The normal equations are \(\left[\begin{array}{ll}2 & 2 \\ 2 & 2\end{array}\right]\left[\begin{array}{l}x \\ y\end{array}\right]=\left[\begin{array}{l}6 \\ 6\end{array}\right]\), whose solution is the set of all \((x, y)\) such that \(x+y=\) 3. The solutions correspond to the points on the line midway between the lines \(x+y=2\) and \(x+y=\) 4.

Exercise 9 (6.6.3-6.6.4)

Find the equation \(y=\beta_0+\beta_1 x\) of the leastsquares line that best fits the given data points.

  1. \((-1,0),(0,1),(1,2),(2,4)\)
  2. \((2,3),(3,2),(5,1),(6,0)\)
 
  1. The least-squares line \(y=\beta_0+\beta_1 x\) is thus \(y=1.1+1.3 x\).
  2. The least-squares line \(y=\beta_0+\beta_1 x\) is thus \(y=4.3-.7 x\).

Exercise 10 (6.6.7)

A certain experiment produces the data \((1,1.8),(2,2.7)\), \((3,3.4),(4,3.8),(5,3.9)\). Describe the model that produces a least-squares fit of these points by a function of the form \(y=\beta_1 x+\beta_2 x^2\) Such a function might arise, for example, as the revenue from the sale of \(x\) units of a product, when the amount offered for sale affects the price to be set for the product.
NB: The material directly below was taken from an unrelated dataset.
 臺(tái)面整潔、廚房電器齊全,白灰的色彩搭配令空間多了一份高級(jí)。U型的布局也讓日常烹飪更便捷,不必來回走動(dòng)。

  1. Give the design matrix, the observation vector, and the unknown parameter vector.
  2. [M] Find the associated least-squares curve for the data.
 
  1. \(\mathbf{y}=X \beta+\epsilon\), where \(X=\left[\begin{array}{rr}1 & 1 \\ 2 & 4 \\ 3 & 9 \\ 4 & 16 \\ 5 & 25\end{array}\right], \mathbf{y}=\left[\begin{array}{l}1.8 \\ 2.7 \\ 3.4 \\ 3.8 \\ 3.9\end{array}\right], {\beta}=\left[\begin{array}{l}\beta_1 \\ \beta_2\end{array}\right]\), and \(\epsilon=\left[\begin{array}{l}\epsilon_1 \\ \epsilon_2 \\ \epsilon_3 \\ \epsilon_4 \\ \epsilon_5\end{array}\right]\)
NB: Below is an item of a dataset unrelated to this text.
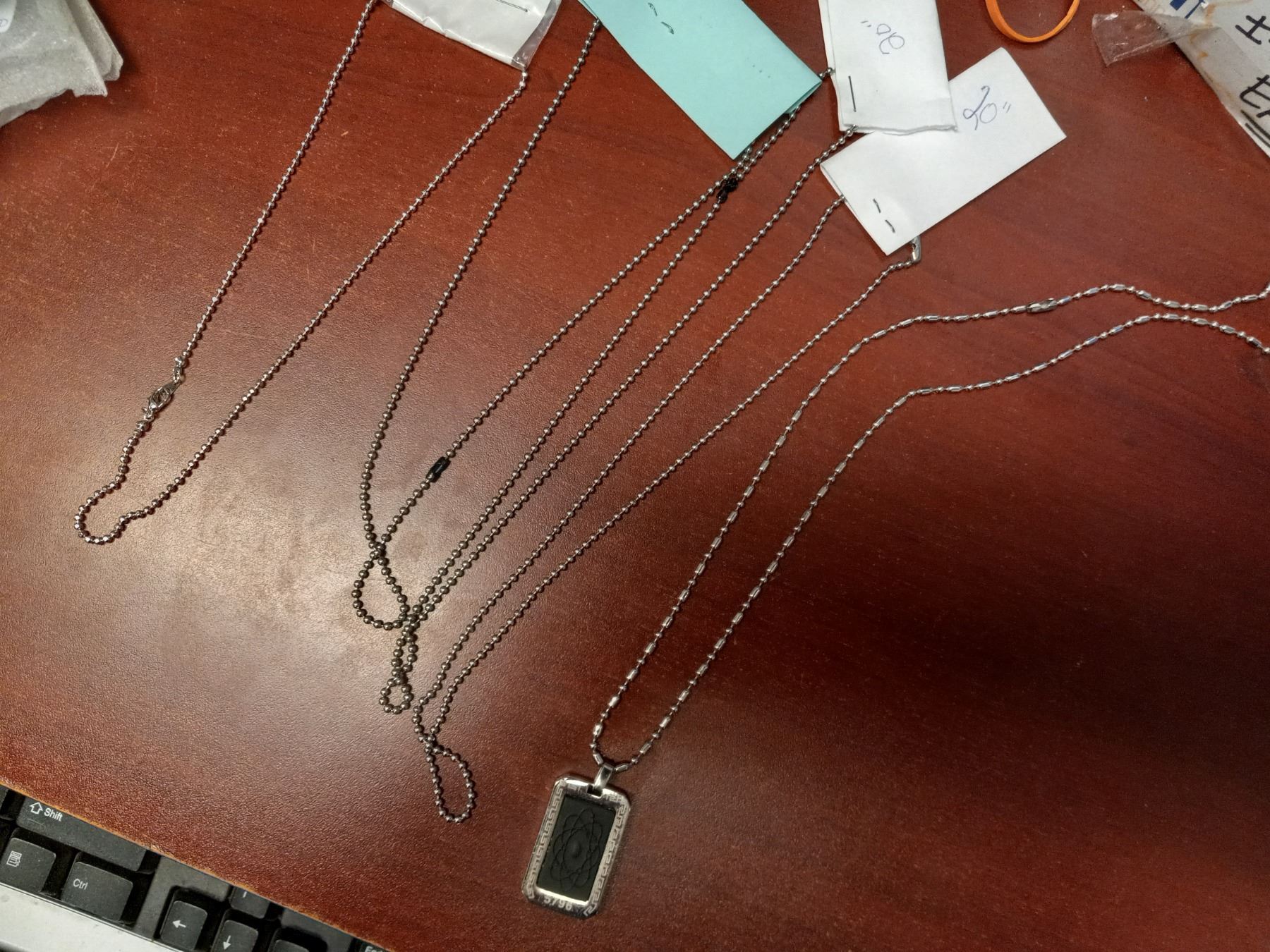 5 FASHION CHAINS, 3-20", 1-16" & 1-26" W/PENDANT

  2. [M] One computes that (to two decimal places) \(\hat{{\beta}}=\left[\begin{array}{c}1.76 \\ -.20\end{array}\right]\), so the desired least-squares equation is \(y=1.76 x-.20 x^2\).

Exercise 11 (6.6.13)

[M] To measure the takeoff performance of an airplane, the horizontal position of the plane was measured every second, from \(t=0\) to \(t=12\). The positions (in feet) were: \(0,8.8\), \(29.9,62.0,104.7,159.1,222.0,294.5,380.4,471.1,571.7\), 686.8 , and 809.2.

  1. Find the least-squares cubic curve \(y=\beta_0+\beta_1 t+\) \(\beta_2 t^2+\beta_3 t^3\) for these data.
  2. Use the result of part (a) to estimate the velocity of the plane when \(t=4.5\) seconds.
 
  1. The desired least-squares polynomial is \(y(t)=-.8558+4.7025 t+5.5554 t^2-.0274 t^3\).
  2. The velocity \(v(t)\) is the derivative of the position function \(y(t)\), so \(v(t)=4.7025+11.1108 t-.0822 t^2\), and \(v(4.5)=53.0 \mathrm{ft} / \mathrm{sec}\).